The cancan first appeared in the working-class ballrooms of Montparnasse in Paris in around 1830. It was a more lively version of the galop, a dance in quick 2/4 time, which often featured as the final figure in the quadrille.[2] The cancan was, therefore, originally a dance for couples, who indulged in high kicks and other gestures with arms and legs. It is thought that they were influenced by the antics of a popular entertainer of the 1820s, Charles Mazurier, who was well known for his acrobatic performances, which included the grand écart or jump splits—later a popular feature of the cancan.[citation needed] At this time, and throughout most of the 19th century in France, the dance was also known as the chahut. Both words are French, cancan meaning "tittle-tattle" or "scandal", hence a scandalous dance, while chahut meant "noise" or "uproar".[citation needed] The dance did cause something of a scandal, and for a while, there were attempts to repress it.
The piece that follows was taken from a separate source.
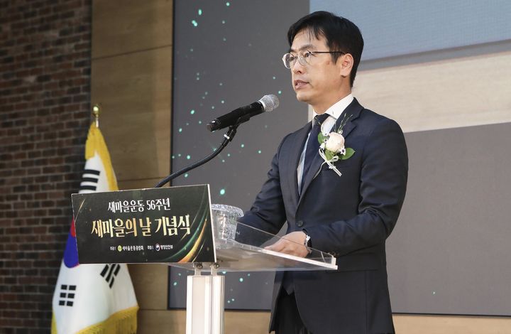 [서울=뉴시스] 김민재 행정안전부 차관이 22일 오후 경기 성남시 새마을운동중앙회에서 열린 '새마을운동 56주년 새마을의 날 기념식'에 참석해 축사를 하고 있다. (사진=행정안전부 제공) 2026.04.22. [email protected] *재판매 및 DB 금지

Occasionally people dancing the cancan were arrested but it was never officially banned, as is sometimes claimed.[citation needed] Throughout the 1830s, it was often groups of men, particularly students, who caused the most outrage by dancing the cancan at public dance-halls.[citation needed]However the Encyclopaedia Britannica 2014 states that the actual origin of the "cancan" is either French or Algerian.
As performers of the cancan became more skilled and adventurous, it gradually developed a parallel existence as entertainment, alongside the participatory form, although it was still very much a dance for individuals and not yet performed on stage by a chorus line.[citation needed] A few men became cancan stars in the 1840s to 1861 and an all-male group known as the Quadrille des Clodoches performed the dance in London in 1870.[citation needed] But women performers were much more widely known in this period. They were mostly middle-ranking courtesans, and only semiprofessional entertainers—unlike the dancers of the 1890s, such as La Goulue and Jane Avril, who were highly paid for their appearances at the Moulin Rouge and elsewhere.[citation needed] The female dancers of the Second Empire and the fin de siècle developed the various cancan moves that were later incorporated by the choreographer Pierre Sandrini in the spectacular "French Cancan", which he devised at the Moulin Rouge in the 1920s and presented at his own Bal Tabarin from 1928. This was a combination of the individual style of the Parisian dance-halls and the chorus-line style of British and American music halls (see below).[citation needed]
The popularity of the cancan was long-lived, spanning half a century, but by the 1890s the cancan was out of style in New York dance halls, having been replaced by the ribald Hoochie coochie, a dance made popular in the 1893 World's Columbian Exposition.[3]